#### DATASET RECORDS
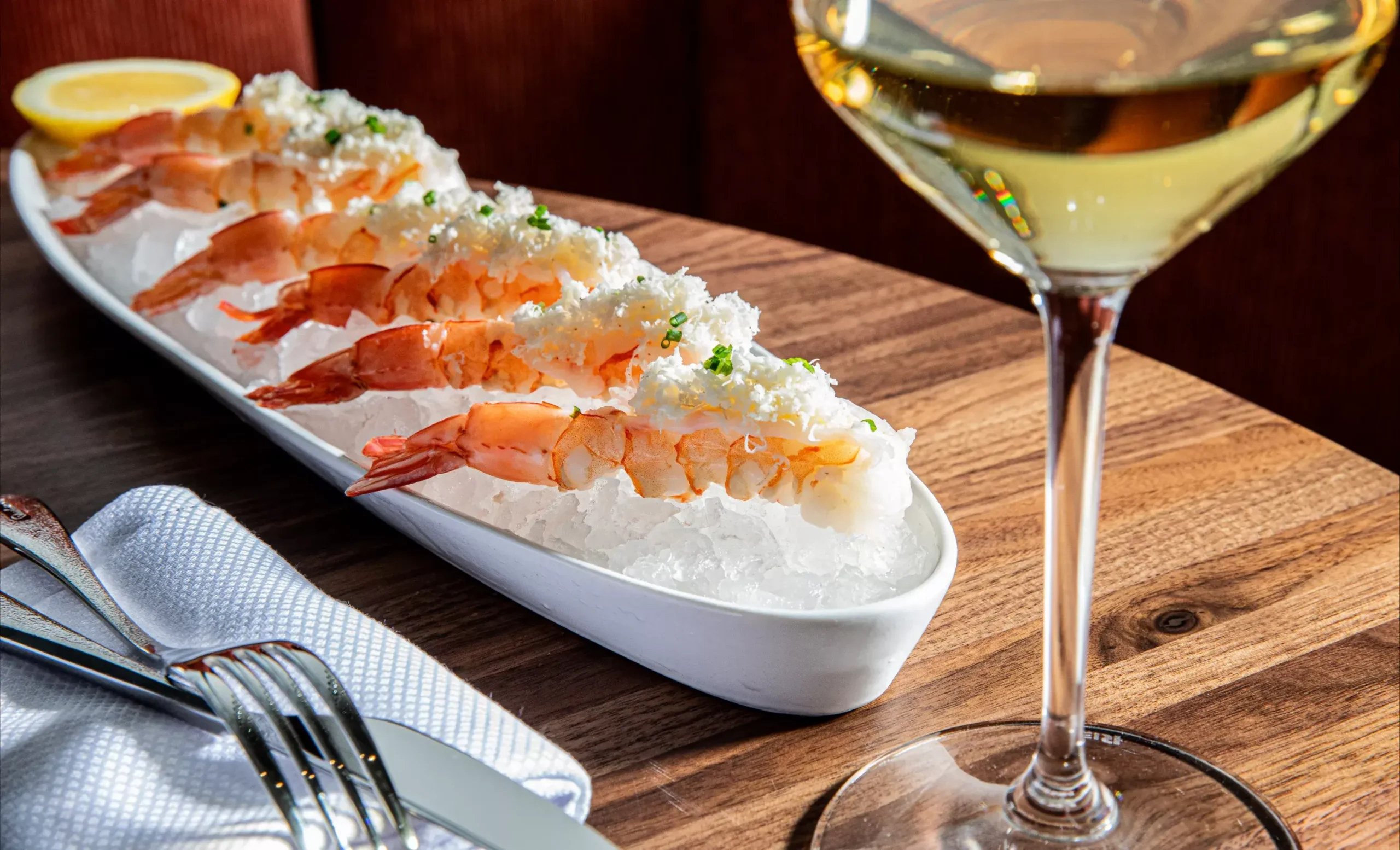 In a spacious setting off East Bay Street in historic downtown Charleston, Marbled & Fin welcomes guests to a stunningly gorgeous space with thoughtfully designed interiors, a lively bar, and an expansive wine room with touches of luxury at every turn.
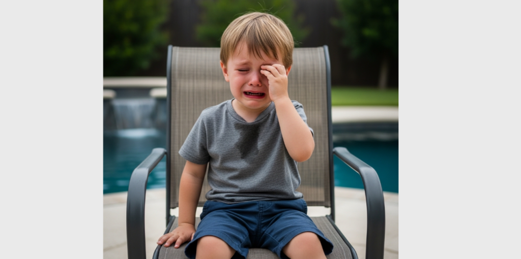 Timmy sat alone on a sun lounger about six meters away. He was wearing his old gray trousers and a simple T-shirt. No swimsuit. No toys. His small shoulders hunched forward as he stared at his bare feet.
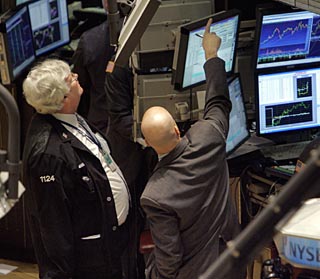 | 11日,交易員在美國(guó)紐約證券交易所忙碌。美聯(lián)儲(chǔ)聯(lián)手西方四大央行向市場(chǎng)注資令美股大漲。新華社/美聯(lián) | 受美聯(lián)儲(chǔ)將和歐洲中央銀行等西方主要央行采取聯(lián)合行動(dòng),向金融系統(tǒng)大規(guī)模注資消息的影響,11日歐美股市強(qiáng)勁反彈。 美國(guó)聯(lián)邦儲(chǔ)備委員會(huì)11日宣布再次通過(guò)貸款拍賣方式為商業(yè)銀行提供500億美元資金,以增加市場(chǎng)流動(dòng)性,這是美聯(lián)儲(chǔ)自去年12月份以來(lái)第七次進(jìn)行貸款拍賣。 美聯(lián)儲(chǔ)當(dāng)天還宣布,將與歐洲中央銀行等西方主要央行采取聯(lián)合行動(dòng),向金融系統(tǒng)大規(guī)模注資以增強(qiáng)市場(chǎng)流動(dòng)性。其中,美聯(lián)儲(chǔ)表示計(jì)劃通過(guò)短期貸款拍賣方式向其一級(jí)交易商出借最多2000億美元國(guó)債,這筆國(guó)債將通過(guò)拍賣程序提供,拍賣將從27日起每周舉行一次。美聯(lián)儲(chǔ)同時(shí)宣布創(chuàng)立新的“定期證券拆借機(jī)制”,把拆借期限由隔夜增加到28天,允許金融機(jī)構(gòu)以住宅抵押貸款支持證券作為借款抵押。 受利好消息刺激,華爾街股市當(dāng)天強(qiáng)勁反彈,與抵押貸款業(yè)務(wù)有關(guān)的金融機(jī)構(gòu)股票價(jià)格一路領(lǐng)漲。道瓊斯工業(yè)指數(shù)11日上漲416.66點(diǎn),報(bào)收于12156.81點(diǎn),升幅達(dá)3.55%,創(chuàng)2002年7月29日以來(lái)最大單日上漲點(diǎn)數(shù);標(biāo)準(zhǔn)普爾500種股票指數(shù)攀升47.28點(diǎn),報(bào)收于1320.65點(diǎn),上漲3.71%,創(chuàng)2002年10月以來(lái)最大單日漲幅;納斯達(dá)克綜合指數(shù)上漲86.42點(diǎn),報(bào)收于2255.76點(diǎn),漲幅達(dá)3.98%。 美聯(lián)儲(chǔ)聯(lián)手西方主要央行向金融系統(tǒng)注資的消息還刺激歐洲主要股市出現(xiàn)反彈。11日英國(guó)倫敦股市《金融時(shí)報(bào)》100種股票平均價(jià)格指數(shù)以5690.4點(diǎn)收盤,上漲61.3點(diǎn),漲幅達(dá)1.09%。法國(guó)巴黎股市CAC40指數(shù)以4627.69點(diǎn)收盤,比前一交易日上漲了60.7點(diǎn),漲幅為1.33%。德國(guó)法蘭克福股市DAX指數(shù)以6524.57點(diǎn)收盤,比前一交易日上漲了76.49點(diǎn),漲幅為1.19%。 但因?yàn)橥顿Y者對(duì)美國(guó)經(jīng)濟(jì)走勢(shì)仍信心不足,美元對(duì)歐元、日元匯率11日反彈后回落;美國(guó)輕質(zhì)原油期貨價(jià)格停留在每桶108.73美元的高位,黃金期貨價(jià)格有小幅上漲。 在美股帶動(dòng)下,亞洲股市也表現(xiàn)回暖。12日,日本日經(jīng)指數(shù)上漲202.85點(diǎn),報(bào)收于12861.13點(diǎn),漲幅為1.6%;中國(guó)香港恒生指數(shù)上漲427.41點(diǎn),報(bào)收于23423點(diǎn),漲幅1.86%。 有分析人士認(rèn)為,雖然西方央行的干預(yù)措施在短期內(nèi)有助于恢復(fù)投資者信心,但從中長(zhǎng)期看,要扭轉(zhuǎn)過(guò)去幾個(gè)月股市持續(xù)動(dòng)蕩的局面,還有待信貸緊縮逐步緩解,而這需要一定的時(shí)間。 國(guó)際貨幣基金組織第一副總裁約翰·利普斯基也認(rèn)為,美聯(lián)儲(chǔ)的注資措施有助于解決金融市場(chǎng)面臨的問(wèn)題,但不能解決美國(guó)經(jīng)濟(jì)面臨的問(wèn)題。 分析人士普遍預(yù)計(jì),西方央行在本次聯(lián)手應(yīng)對(duì)信貸緊縮后,還會(huì)采取其他干預(yù)措施。其中,在定于下周舉行的貨幣政策決策例會(huì)上,美聯(lián)儲(chǔ)很可能決定再次降息。
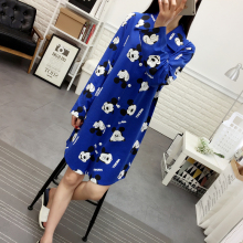 春秋季女士 长袖 睡裙加肥加大码加长学生卡通胖MM孕妇长裙家居服
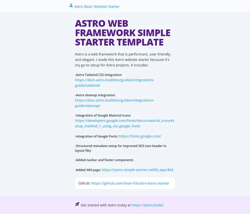 Astro Simple Boilerplate - Tailwind, Sitemap, Google Font/Icons, Metadata by Sean Rooney
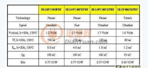 表1顯示了四個擁有相同尺寸的IGBT的參數(shù)值。前三個IGBT采用同樣的平面式技術,但使用不同的壽命復合控制計量。從表中可見,標準速度的IGBT具有最低Vce(on) ,但與快速和超速平面式IGBT相比,標準速度的IGBT下降時間最慢。第四個IGBT是經(jīng)優(yōu)化的槽柵IGBT,能夠為太陽能逆變器這類高頻率切換應用提供低導通和開關損耗。請注意,槽柵IGBT的Vce(on) 和總切換損耗 (Ets) 比超速平面式IGBT低。
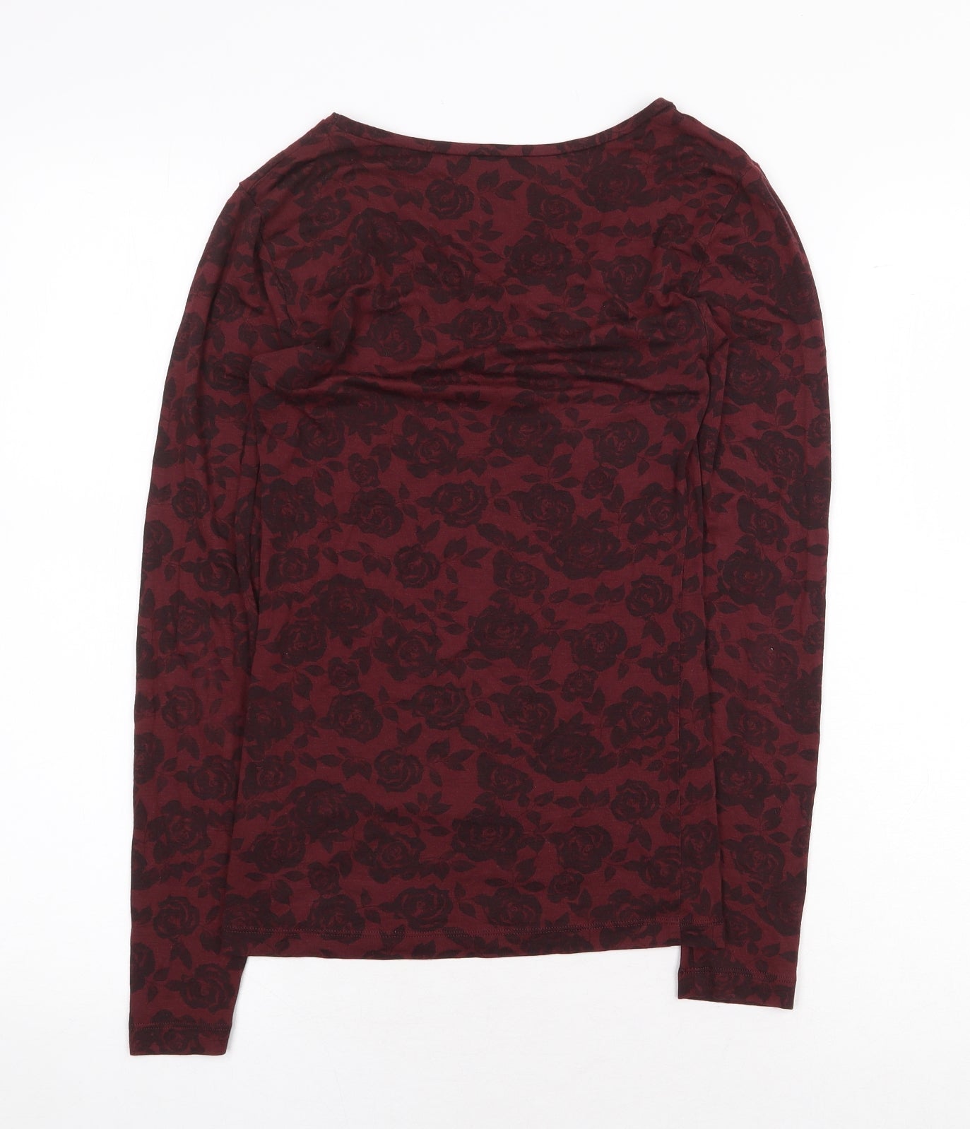 Womens Red Floral Viscose Basic T-Shirt Size 8 Scoop Neck
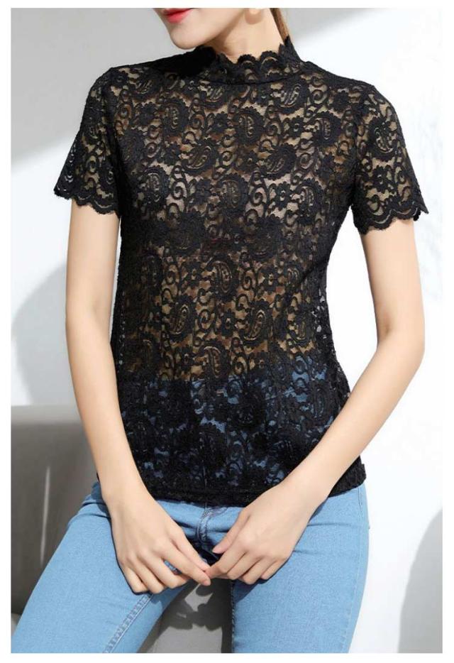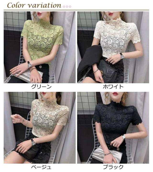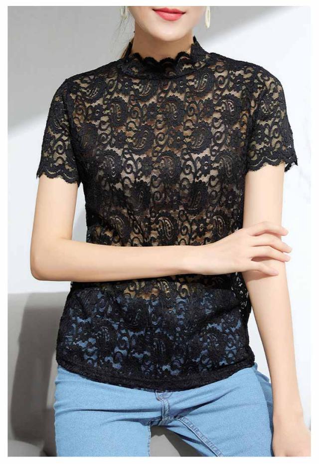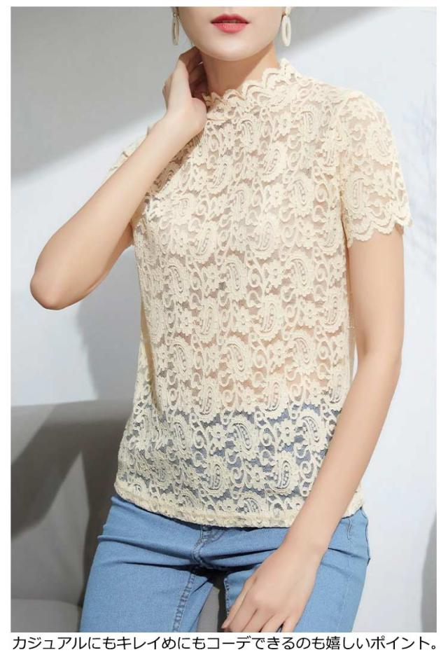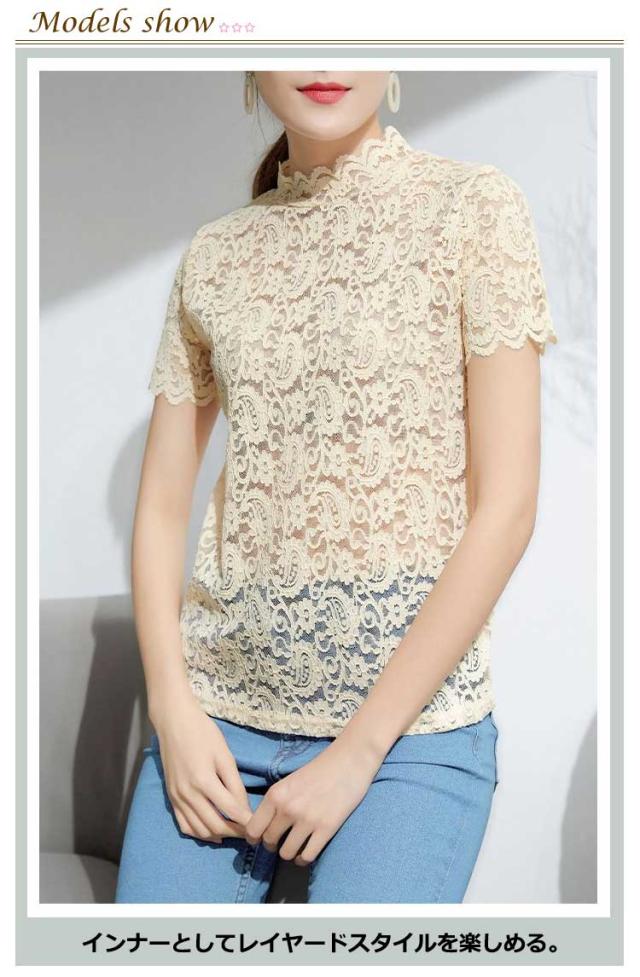 薄手 シアートップス シースルートップス レース インナー レーストップス 半袖 透け感 送料無料 送料無料 レディース ハイネック カットソー 花柄 tシャツ レース レイヤード 重ね着 カジュアル きれいめ おしゃれ かわいい 春夏
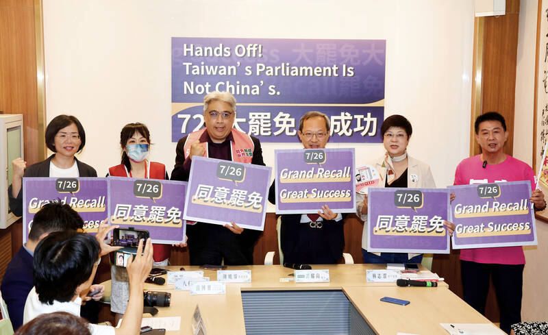 Chen Hsiao-wei (陳曉煒), a Presbyterian Church pastor in Taoyuan, said the citizen groups had assessed that they would able to oust a minimum of 12 KMT lawmakers in the recall votes on July 26 and Aug. 23.
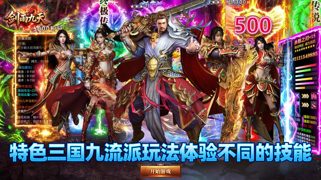 特色三国九流派玩法,选择不同流派体验不同的技能,搭配心法、神剑、铭文打造您的专属唯一玩法!
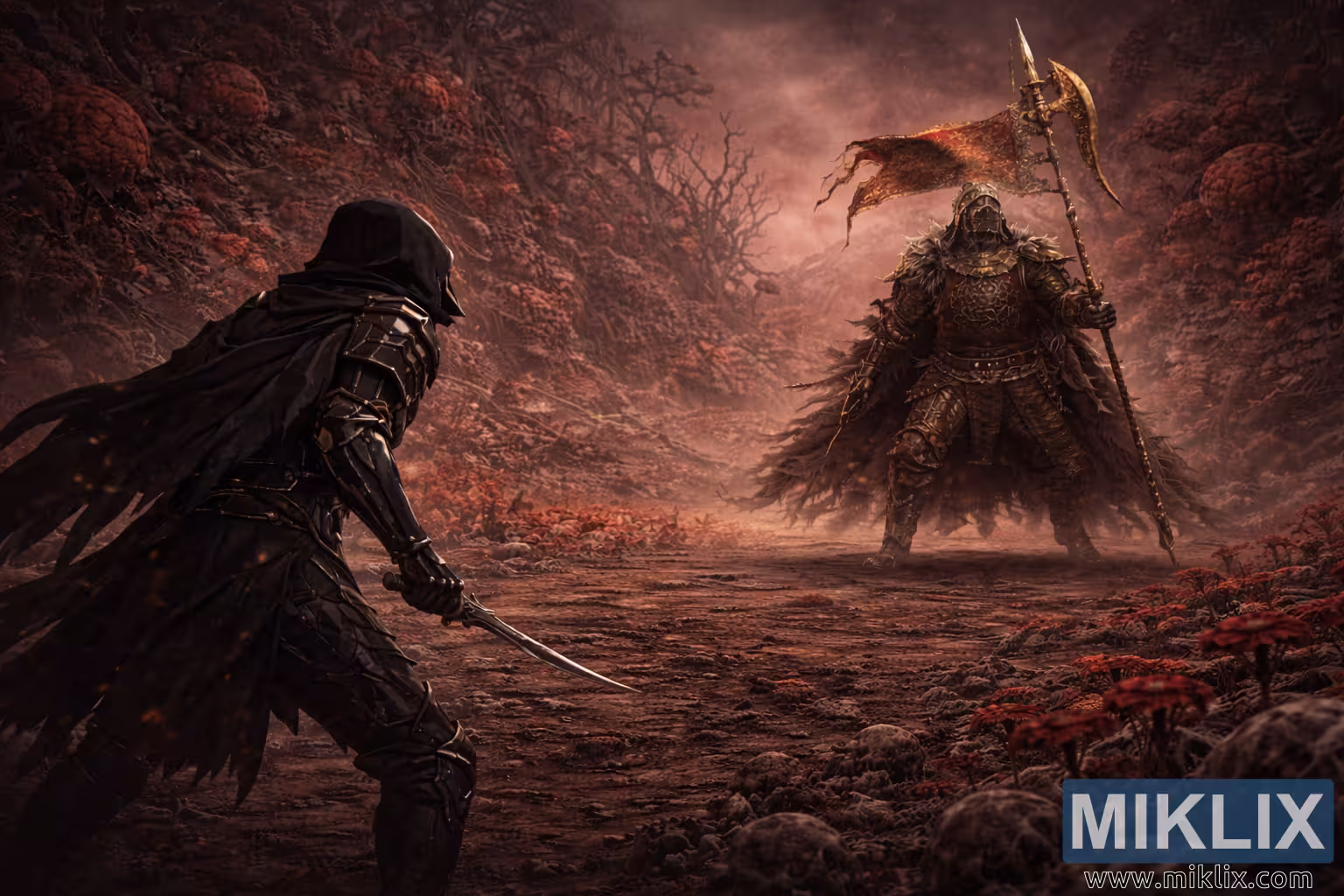 Across the clearing stands Commander O’Neil, enlarged in the composition so that he towers over the Tarnished. His armor is thick, corroded, and layered, with battered pauldrons and ragged feather-like fringes hanging from his cape. He grips a massive halberd whose ornate, gold-edged axe head catches the murky light. A torn crimson banner is fastened beneath the blade, fluttering weakly in the scarlet mist. The banner’s faded patterns hint at lost regiments and forgotten wars, reinforcing O’Neil’s role as a relic of endless conflict. His stance is broad and grounded, boots half-buried in the swamp’s soft, infected soil, conveying the sense of an immovable wall of steel slowly bearing down.
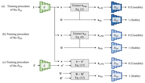 where , , and are factors for balancing between each loss term. Thus, the loss function in Equation (15) is used to train the IDD, EDD, and TDD.
########
§ **TASK TO COMPLETE**:
When you find the line that contains "Astro Simple Boilerplate", retype it and every line after it through the end of the data above, exactly, with no pictures.

§ **EXERCISE SOLUTION**:
 Astro Simple Boilerplate - Tailwind, Sitemap, Google Font/Icons, Metadata by Sean Rooney
 表1顯示了四個擁有相同尺寸的IGBT的參數(shù)值。前三個IGBT采用同樣的平面式技術,但使用不同的壽命復合控制計量。從表中可見,標準速度的IGBT具有最低Vce(on) ,但與快速和超速平面式IGBT相比,標準速度的IGBT下降時間最慢。第四個IGBT是經(jīng)優(yōu)化的槽柵IGBT,能夠為太陽能逆變器這類高頻率切換應用提供低導通和開關損耗。請注意,槽柵IGBT的Vce(on) 和總切換損耗 (Ets) 比超速平面式IGBT低。
 Womens Red Floral Viscose Basic T-Shirt Size 8 Scoop Neck
 薄手 シアートップス シースルートップス レース インナー レーストップス 半袖 透け感 送料無料 送料無料 レディース ハイネック カットソー 花柄 tシャツ レース レイヤード 重ね着 カジュアル きれいめ おしゃれ かわいい 春夏
 Chen Hsiao-wei (陳曉煒), a Presbyterian Church pastor in Taoyuan, said the citizen groups had assessed that they would able to oust a minimum of 12 KMT lawmakers in the recall votes on July 26 and Aug. 23.
 特色三国九流派玩法,选择不同流派体验不同的技能,搭配心法、神剑、铭文打造您的专属唯一玩法!
 Across the clearing stands Commander O’Neil, enlarged in the composition so that he towers over the Tarnished. His armor is thick, corroded, and layered, with battered pauldrons and ragged feather-like fringes hanging from his cape. He grips a massive halberd whose ornate, gold-edged axe head catches the murky light. A torn crimson banner is fastened beneath the blade, fluttering weakly in the scarlet mist. The banner’s faded patterns hint at lost regiments and forgotten wars, reinforcing O’Neil’s role as a relic of endless conflict. His stance is broad and grounded, boots half-buried in the swamp’s soft, infected soil, conveying the sense of an immovable wall of steel slowly bearing down.
 where , , and are factors for balancing between each loss term. Thus, the loss function in Equation (15) is used to train the IDD, EDD, and TDD.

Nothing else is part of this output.